In 2007, about 125,000 votes were cast on more than 300 questions submitted. The top 10 included questions on net neutrality, atheism, medical marijuana, warrantless wiretapping, corporate personhood, government spending, etc. Edwards, Gravel, Huckabee, Kucinich, and Obama each answered at least one of the top ten. Another 27,000 votes were cast judging their responses. By all accounts, 10Questions was successful in demonstrating that an open and interactive platform for voter-to-candidate-to-voter engagement could work, though in retrospect we believe it could have had a larger impact had we started sooner in the presidential campaign calendar. (You can view an archive of the 2007-08 site here.)
Now, with the support of the Knight Foundation, we've just launched with a retooled version of 10Questions.com designed to allow anyone the ability to ask questions directly of many of the candidates seeking to represent them in the U.S. Congress, U.S. Senate, or as their state's governor.

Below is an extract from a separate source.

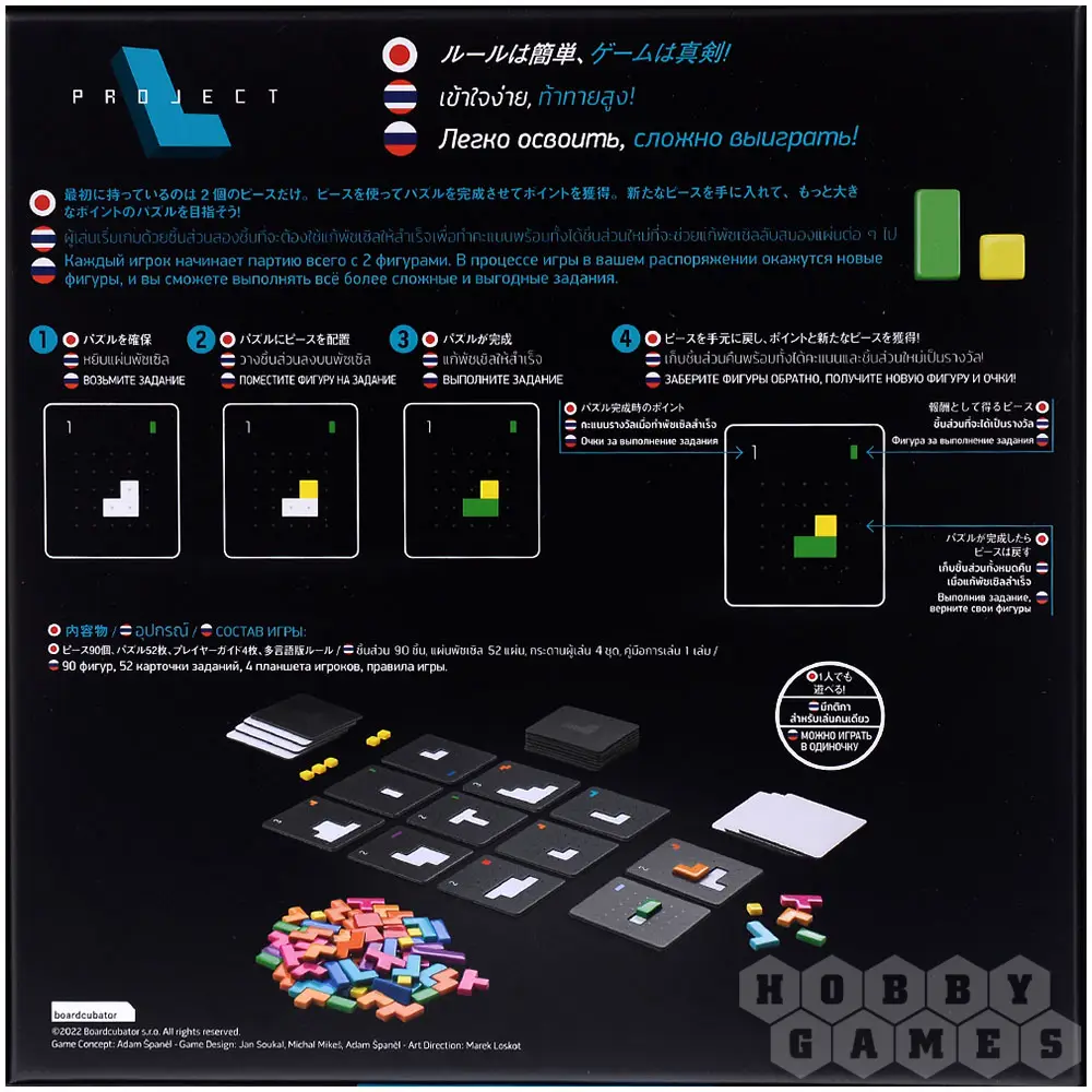 Погрузитесь в увлекательный мир абстрактных головоломок, где нужно заполнять карточки-задания фигурами разных форм. Начиная всего с двух фигур, вы будете постепенно расширять свои возможности, улучшать и обменивать их, стремясь создать эффективную систему для выполнения как можно большего числа заданий. Игра отличается простыми правилами, но при этом предлагает глубокий и насыщенный тактический геймплей, где каждое решение влияет на будущие ходы. Стильные двухслойные планшеты с углублениями и глянцевые пластиковые фигуры делают процесс не только интеллектуальным, но и эстетически приятным. "Проект L" идеально подойдёт любителям логических задач, которые ценят баланс между доступностью и глубиной. А ещё в эту настолку можно сыграть всей семьёй и совместить приятное с полезным: общение с развитием навыков! Так скорее же соберите свои идеальные комбинации и испытайте удовольствие от безупречно выполненного плана!

The way it works is simple: anyone can post a question (video or text), anyone can vote those up or down (one vote per question per IP address), anyone can embed a question, a race, a state, or the entire country via a fully functional widget, on any website they want. To post or vote on a question, you just need a Google Account, as the site is powered by a souped-up version of the Google Moderator question platform (and for which we are grateful to our technology partners Google and YouTube.) No personal user information is being retained, though the site will allow anyone to view where questions and votes are coming from geographically, and to track the daily up-down voting on any question.